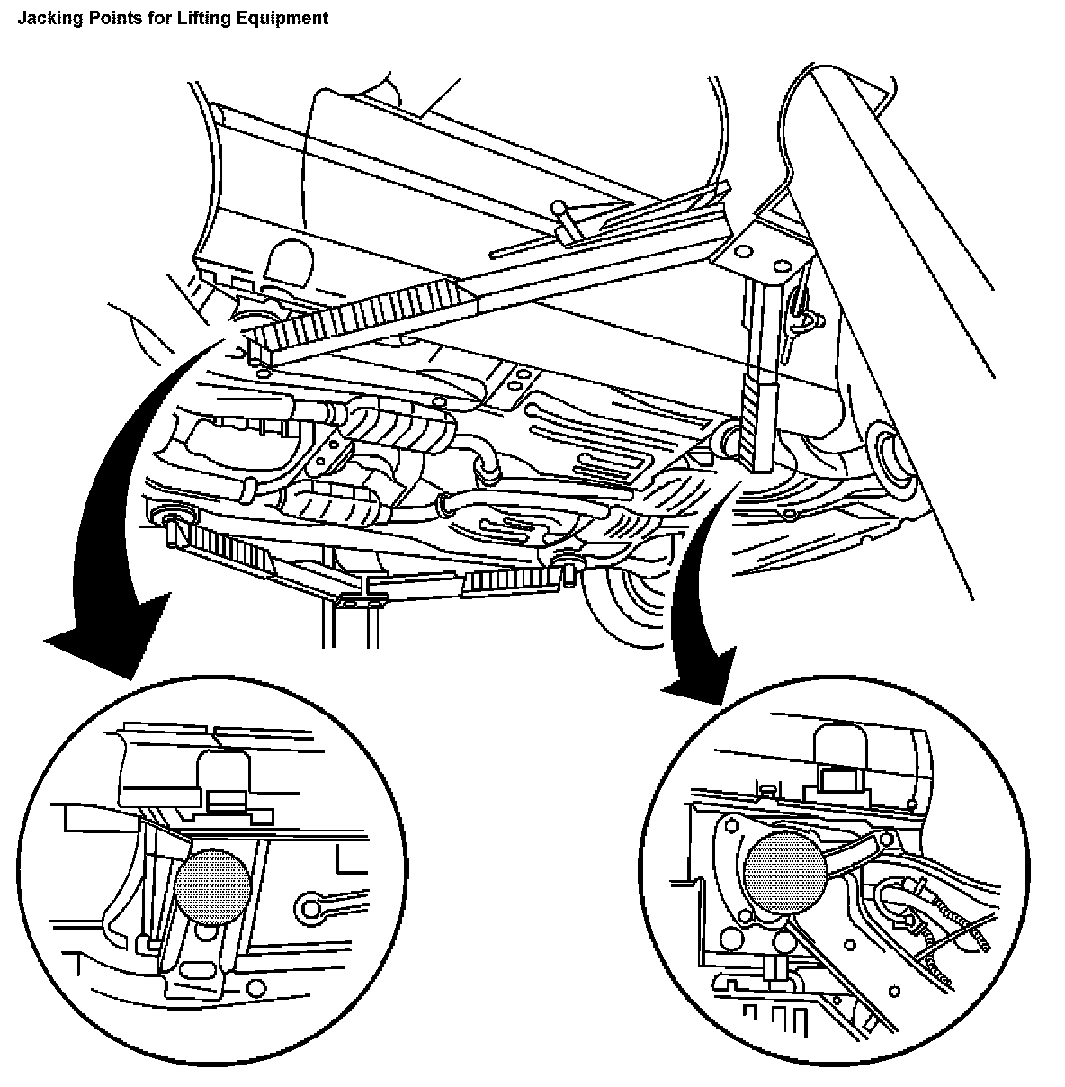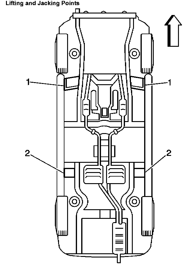 NOTE: When you are jacking or lifting a vehicle at the frame side rails or other prescribed lift points, be certain that the lift pads do not contact the catalytic converter, the brake pipes or the fuel lines. If such contact occurs, vehicle damage or unsatisfactory vehicle performance may result.
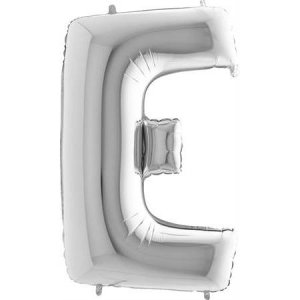 Stříbrný balónek písmeno E. Balónek je vyrobený z pevné fólie.
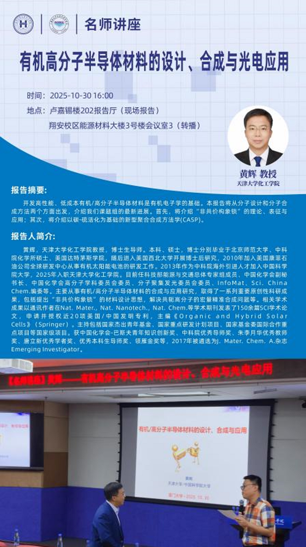 October, 2025 Professor Hou invited Professor Hui Huang from Tianjin University to lecture on "Design, Synthesis, and Photonic Applications of Organic Semiconducting Materials," in which he shared the latest advancements in organic semiconductor design and their optoelectronic applications.
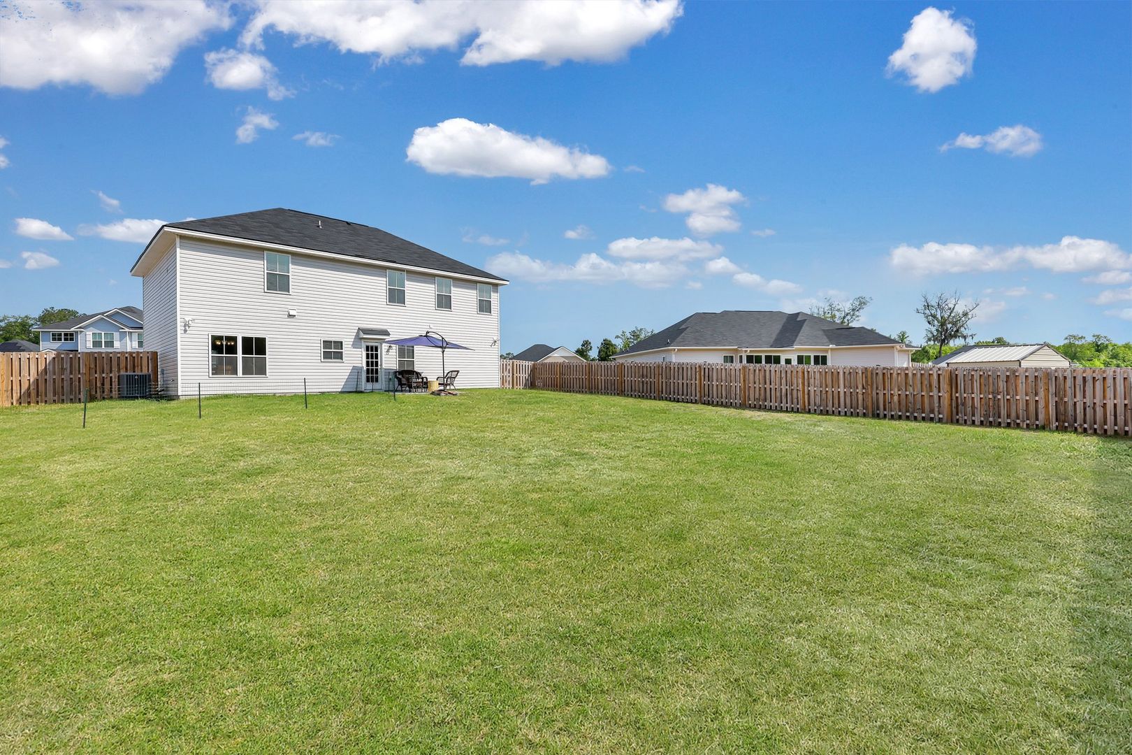 Relax and enjoy the outdoors; the backyard, surrounded by a privacy fence, serves as a serene oasis for relaxation and outdoor enjoyment.
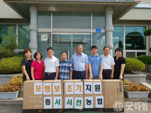 [굿타임] = 이강부 기자 = 서서천농협은 비인면사무소를 찾아 관내에 거동이 불편한 어르신들을 위한 보행보조기 5대를 행복비인 후원회에 기증했다.
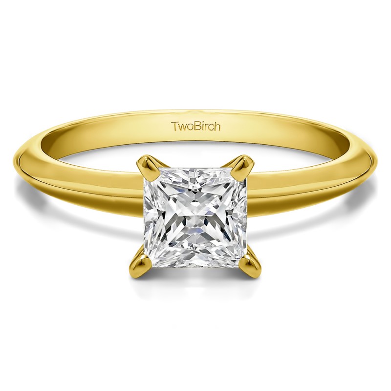 This solitaire engagement ring features a princess cut center stone weighing 1 carat. The center stone is set with a four prong setting. Each center diamond you select will have the following minimum specifications: Good Cut, Symmetry, Proportions and No Fluorescence. Since we do not keep center diamonds in stock, please allow 1 to 2 weeks for production of your engagement ring and procurement of the center diamond. The band measures approximately 2 millimeters and weighs about 3.15 grams.
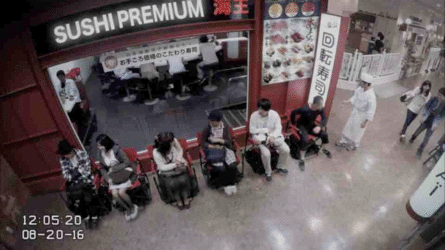 このイスに座ると、お寿司屋さんの前の行列でも、ストレスなく待つことができます。
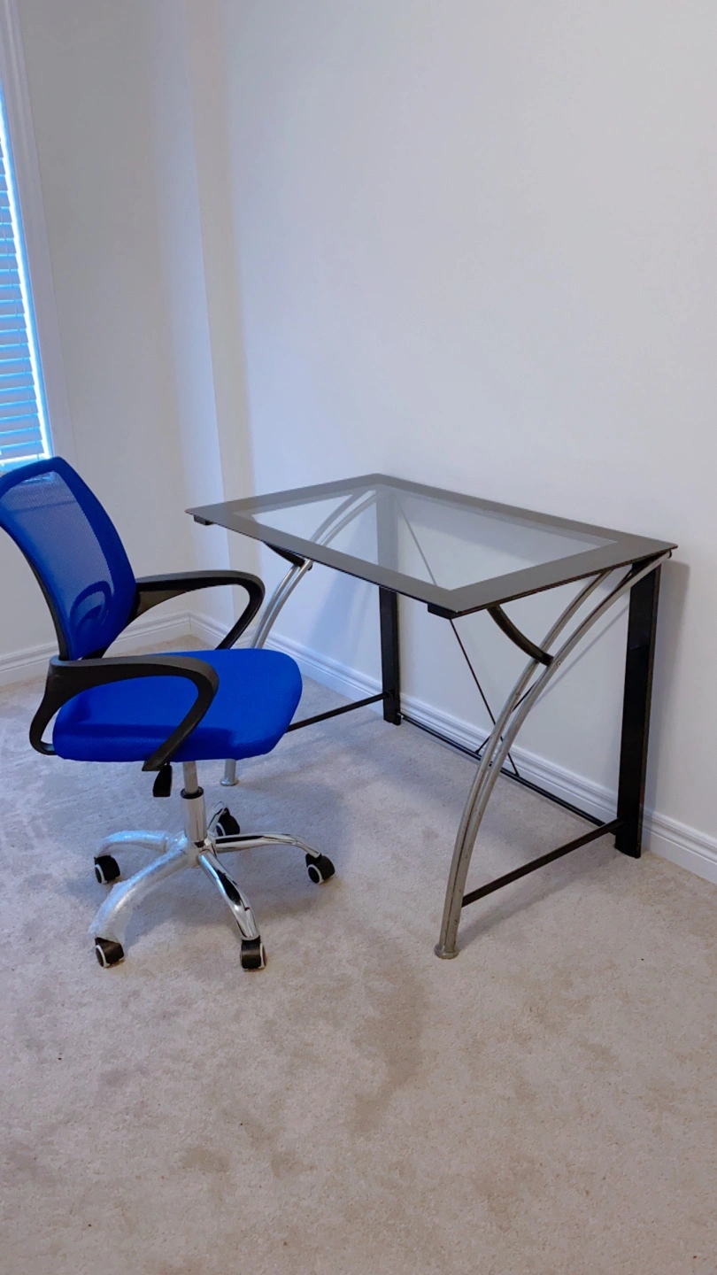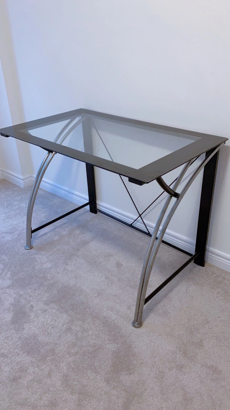 Selling a sleek glass top computer desk with a black and silver frame. It's in great shape and ready to use in your home office or study space! The desk features a modern design that will complement any decor.
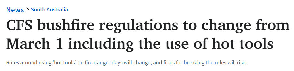 据澳媒报道,南澳CFS丛林火法规将于3月1日起改变,包括使用热工具的限制规定。 它说,南澳持续的降雨不足增加了整体的丛林大火威胁。 他说:“这种危险情况与秋季通常所经历的情况一致,其特点是火警危险 ...
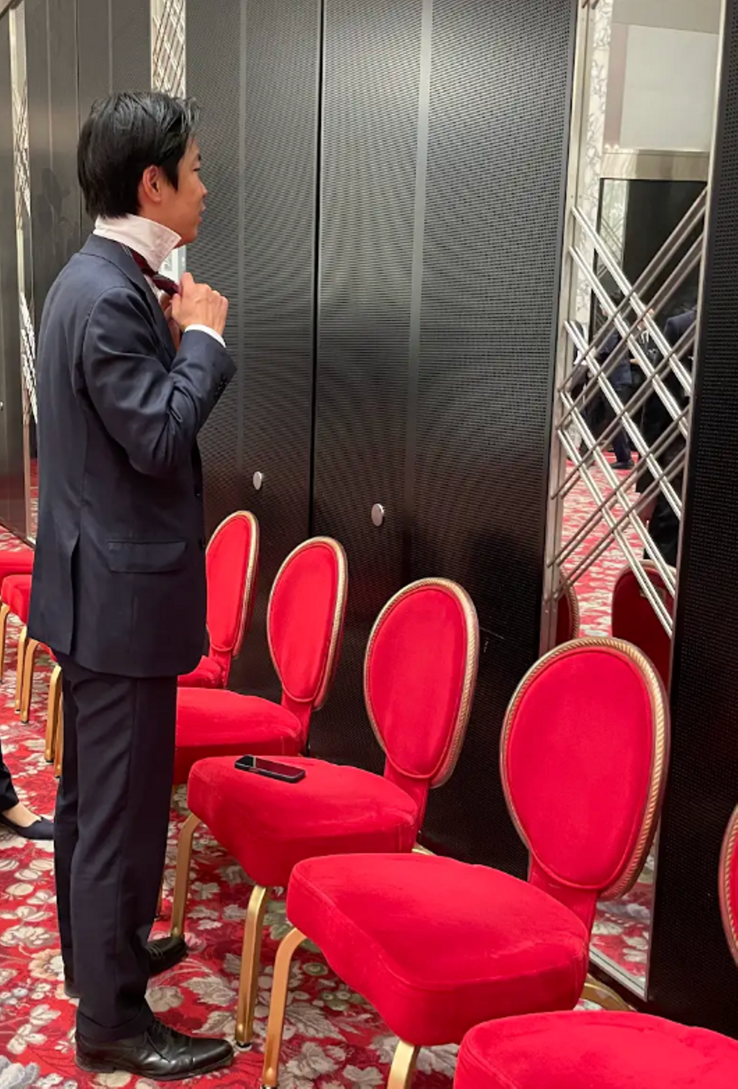身だしなみを最終チェックする代表取締役水野さん。
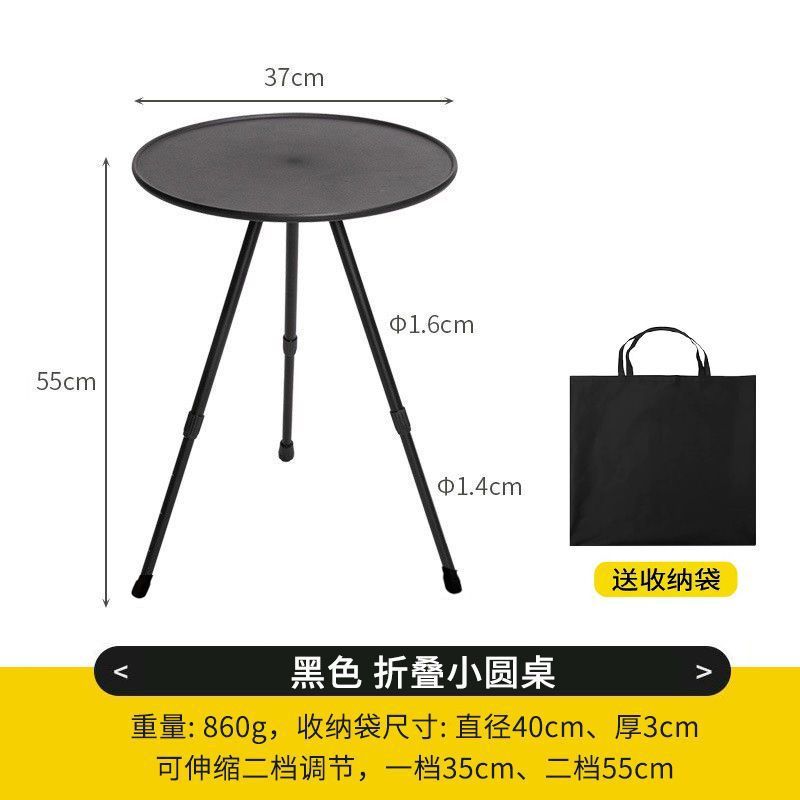 • 작은 원형 테이블 높이 조절 가능 - 오닉스 블랙 [수납 가방 없음]
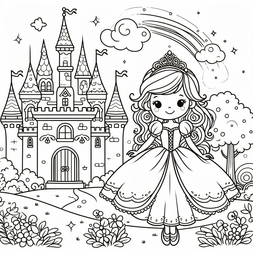 ציור של נסיכה וטירה לצביעה, איור של נסיכה וטירה להדפסה לצביעה לילדים

§ **Your instructions**: Every line from the one holding "Relax and enjoy" to the last line of the listing above, inclusive, must appear exactly as written, and no picture may appear.

§ **Exercise response**:
 Relax and enjoy the outdoors; the backyard, surrounded by a privacy fence, serves as a serene oasis for relaxation and outdoor enjoyment.
 [굿타임] = 이강부 기자 = 서서천농협은 비인면사무소를 찾아 관내에 거동이 불편한 어르신들을 위한 보행보조기 5대를 행복비인 후원회에 기증했다.
 This solitaire engagement ring features a princess cut center stone weighing 1 carat. The center stone is set with a four prong setting. Each center diamond you select will have the following minimum specifications: Good Cut, Symmetry, Proportions and No Fluorescence. Since we do not keep center diamonds in stock, please allow 1 to 2 weeks for production of your engagement ring and procurement of the center diamond. The band measures approximately 2 millimeters and weighs about 3.15 grams.
 このイスに座ると、お寿司屋さんの前の行列でも、ストレスなく待つことができます。
 Selling a sleek glass top computer desk with a black and silver frame. It's in great shape and ready to use in your home office or study space! The desk features a modern design that will complement any decor.
 据澳媒报道,南澳CFS丛林火法规将于3月1日起改变,包括使用热工具的限制规定。 它说,南澳持续的降雨不足增加了整体的丛林大火威胁。 他说:“这种危险情况与秋季通常所经历的情况一致,其特点是火警危险 ...
身だしなみを最終チェックする代表取締役水野さん。
 • 작은 원형 테이블 높이 조절 가능 - 오닉스 블랙 [수납 가방 없음]
 ציור של נסיכה וטירה לצביעה, איור של נסיכה וטירה להדפסה לצביעה לילדים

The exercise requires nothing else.